Due to the potential for losses, the Financial Conduct Authority (FCA) considers this investment to be high risk

What are the key risks?

1 – You could lose all the money you invest

• If the business you invest in fails, you are likely to lose 100% of the money you invest. Most start-up businesses fail.

2 – You are unlikely to be protected if something goes wrong

• Protection from the Financial Services Compensation Scheme (FSCS), in relation to claims against failed regulated firms, does not cover poor investment performance. Try the FSCS investment protection checker here. (https://www.fscs.org.uk/check/investment-protection-checker)

• Protection from the Financial Ombudsman Service (FOS) does not cover poor investment performance. If you have a complaint against an FCA-regulated firm, FOS may be able to consider it. Learn more about FOS protection here. (https://www.financial-ombudsman.org.uk/consumers)

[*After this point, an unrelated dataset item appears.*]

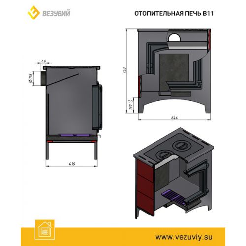 - Модель: ПЕЧЬ ОТОПИТЕЛЬНАЯ ВЕЗУВИЙ В11
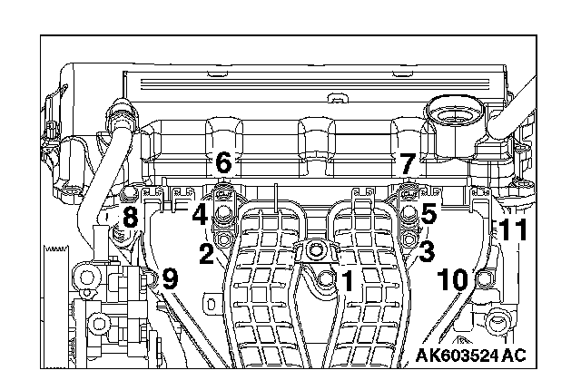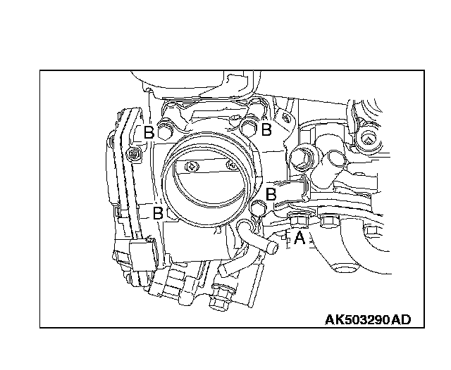 Throttle body mounting bolts at illustrated position B 9.5 ± 2.5 Nm 84 ± 22 in-lb

3 – You won’t get your money back quickly

• Even if the business you invest in is successful, it may take several years to get your money back. You are unlikely to be able to sell your investment early.

• The most likely way to get your money back is if the business is bought by another business or lists its shares on an exchange such as the London Stock Exchange. These events are not common.

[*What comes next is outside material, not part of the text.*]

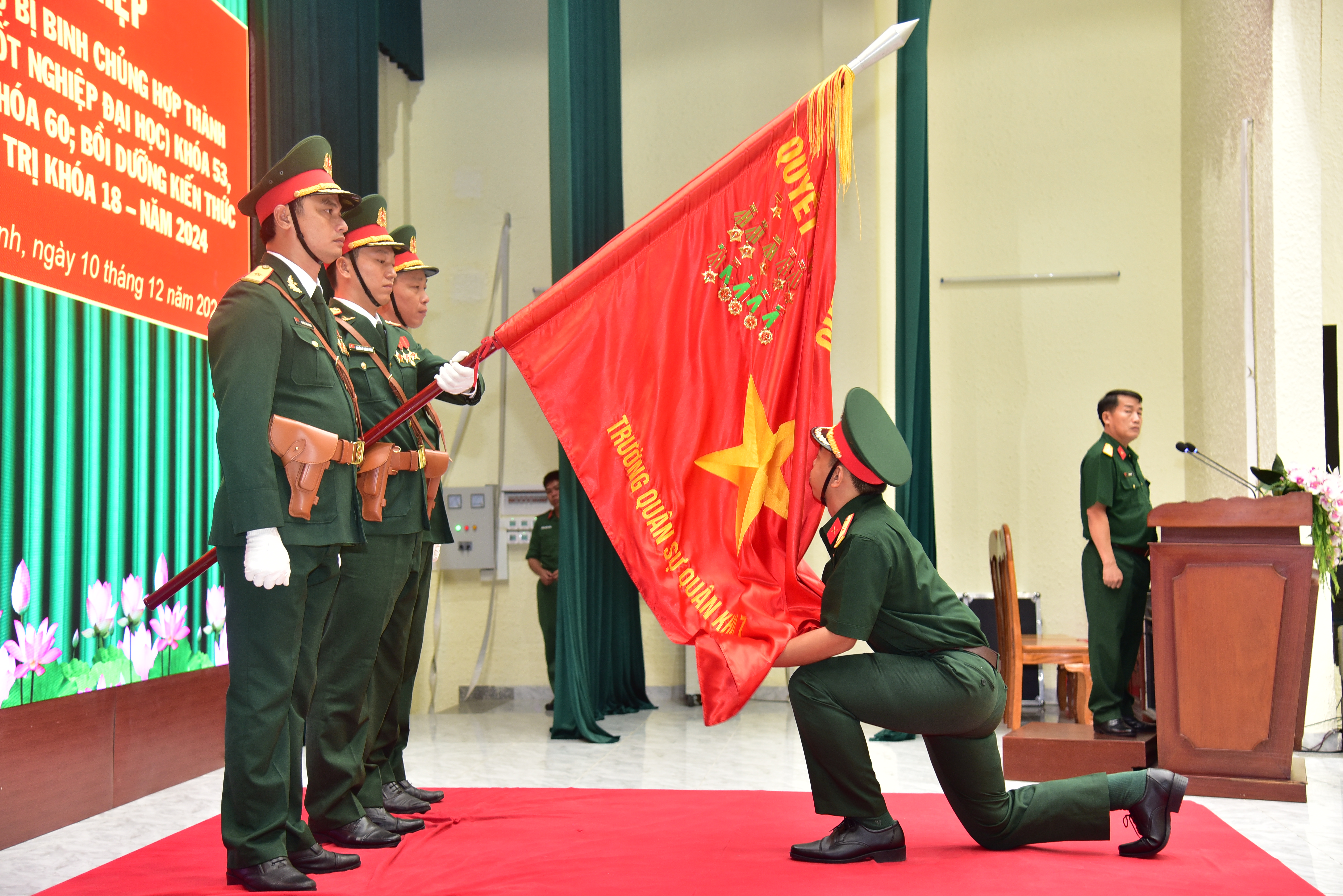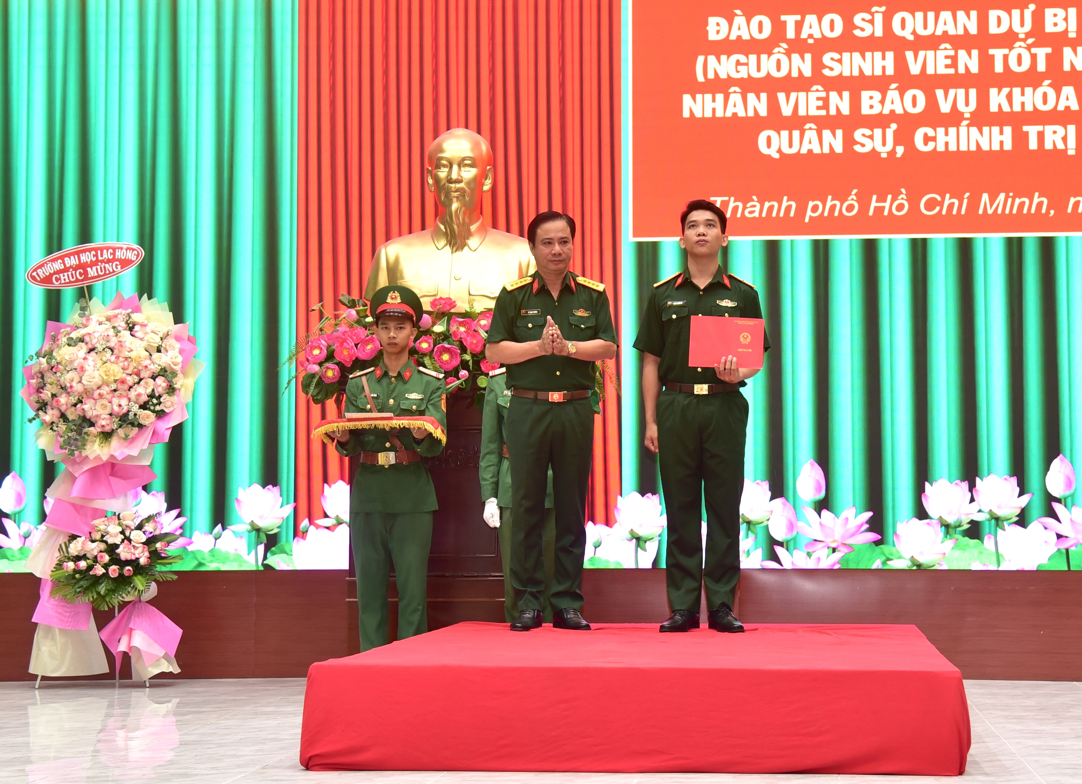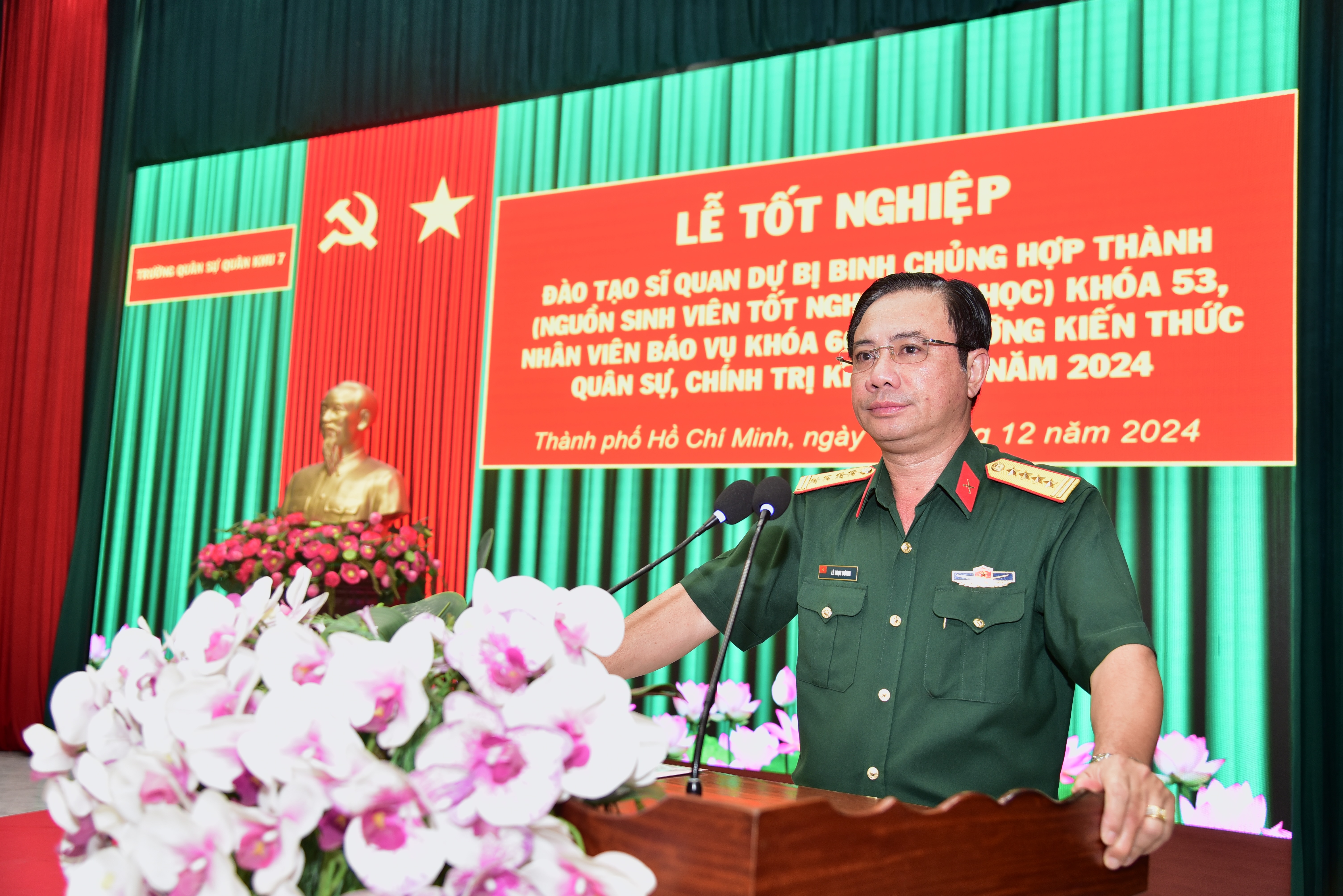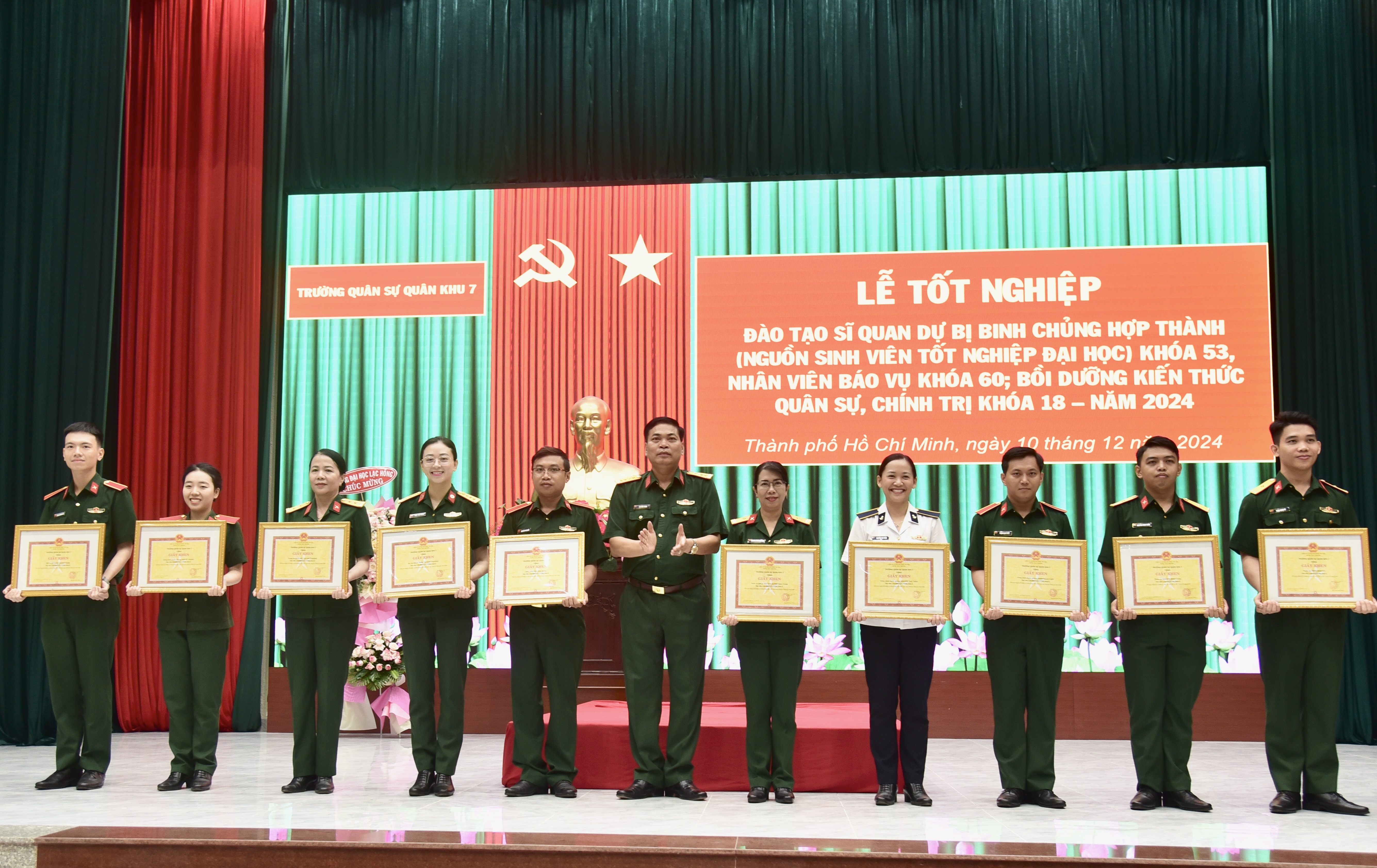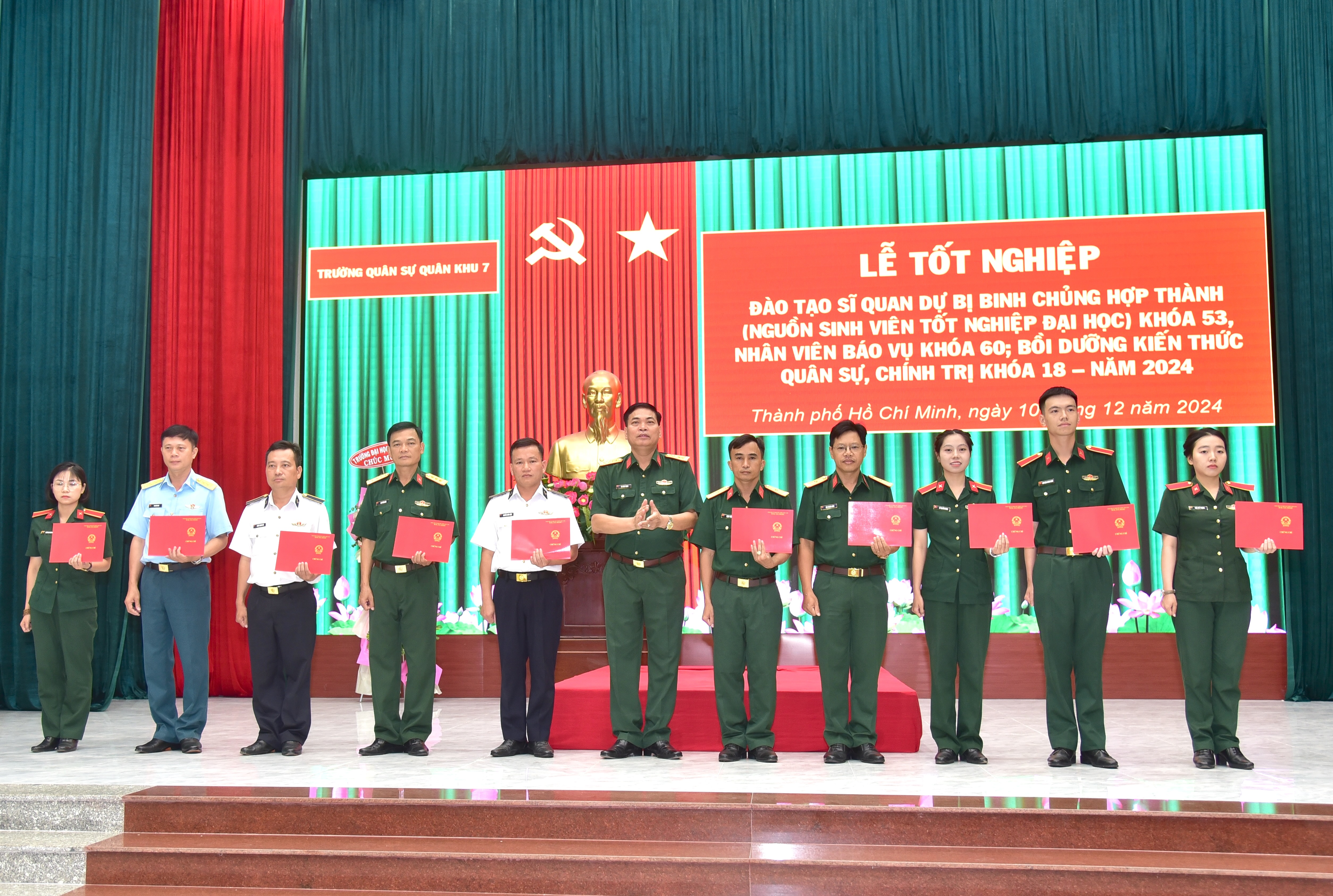 Đại tá Bùi Đình Thành, Bí thư Đảng ủy, Chính ủy Trường Quân sự Quân khu 7 trao Chứng chỉ tốt nghiệp.

• If you are investing in a start-up business, you should not expect to get your money back through dividends. Start-up businesses rarely pay these.

4 – Don’t put all your eggs in one basket

• Putting all your money into a single business or type of investment for example, is risky. Spreading your money across different investments makes you less dependent on any one to do well.

• A good rule of thumb is not to invest more than 10% of your money in high-risk investments (https://www.fca.org.uk/investsmart/5-questions-ask-you-invest)

5 – The value of your investment can be reduced

• The percentage of the business that you own will decrease if the business issues more shares. This could mean that the value of your investment reduces, depending on how much the business grows. Most start-up businesses issue multiple rounds of shares.

• These new shares could have addition rights that your shares don’t have, such as the right to receive a fixed dividend, which could further reduce your chances of getting a return on your investment.